Kroger’s antitrust lawsuit is the results of its attempted acquisition of Albertsons, one other food retail giant. If the $24.6 billion acquisition is ultimately permitted, Kroger would operate 5,000 stores and 4,000 pharmacies with 700,000 employees across 48 states.

The final result can be a $50.08 billion market cap company that, in line with the FTC, would exacerbate anticompetitive practices. The FTC says executives from the 2 firms have admitted that they’d now not need to “aggressively compete for purchasers by lowering prices and for workers by providing higher pay and advantages across the country” and have conceded that the planned acquisition is anticompetitive, with one executive allegedly having stated that “you’re principally making a monopoly in grocery with the merger.”

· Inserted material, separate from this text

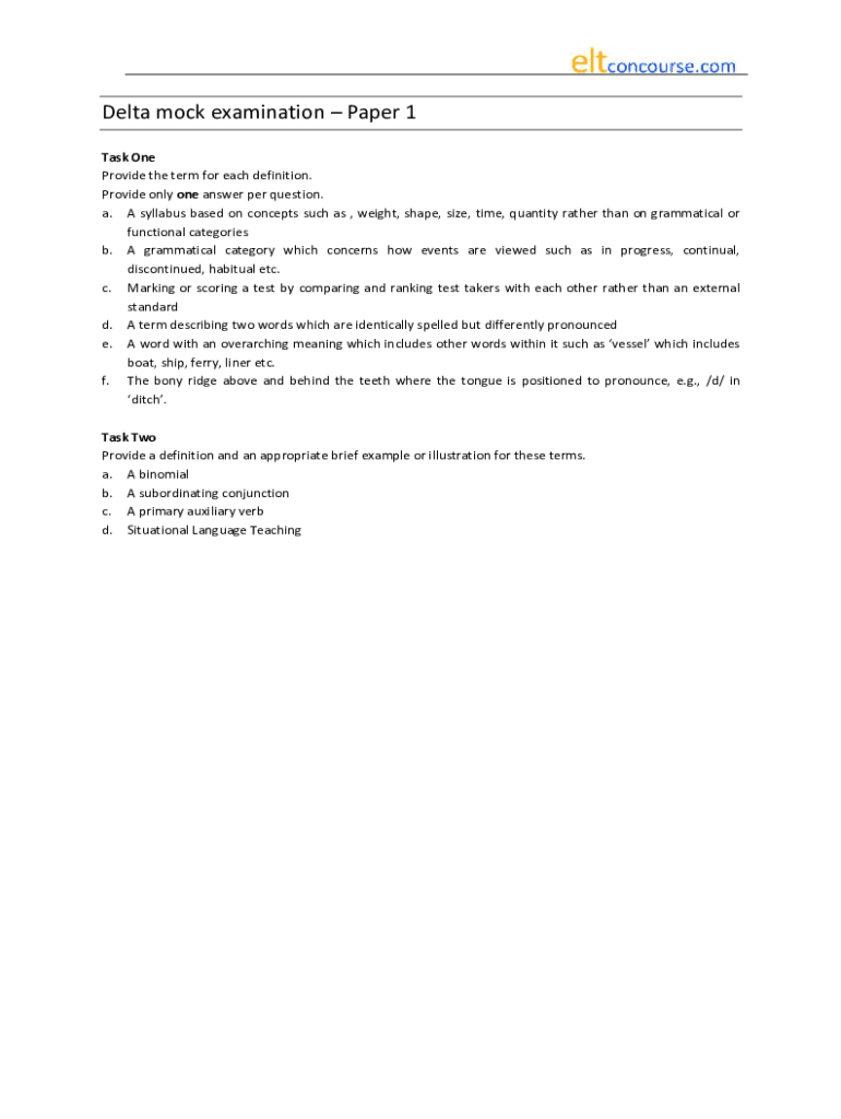 Delta mock examination Paper 1 Task One Provide the term for each definition. Provide only one answer per question. a. A syllabus based on concepts such as , weight, shape, size, time, quantity rather

Grocery chain stocks proceed to surge

Between the run-up in prices for food staples and record-high revenues for retailers, it’s no surprise that the stocks of firms operating in that sector aren’t only performing well but in some cases outperforming the market. Over the past five years, the S&P 500 has gained nearly 86% largely on the back of the Magnificent Seven, a gaggle of tech firms whose massive market caps have an outsized impact on the benchmark index.

For comparison, shares of Ingles, a supermarket chain within the Southeast, have gained greater than 84% over the past five years. Walmart — America’s largest grocer — has seen its stock rise 102% since 2019. In the course of the same period, Kroger’s stock has gained greater than 117% and shares of Costco are up over 190%.

The winner, by far, is Arizona-based Sprouts, which has seen its stock increase by an astounding 445% over the identical timeframe.

In response to Grand View Research, the grocery retail market within the U.S. is anticipated to expand at a compound annual growth rate (CAGR) of three.2% from 2024 to 2030. Nonetheless, with food firms now openly admitting to anticompetitive practices and price-gouging, each of which can proceed to fortify record profits, their stocks could proceed to markedly outperform the general grocery retail industry’s CAGR.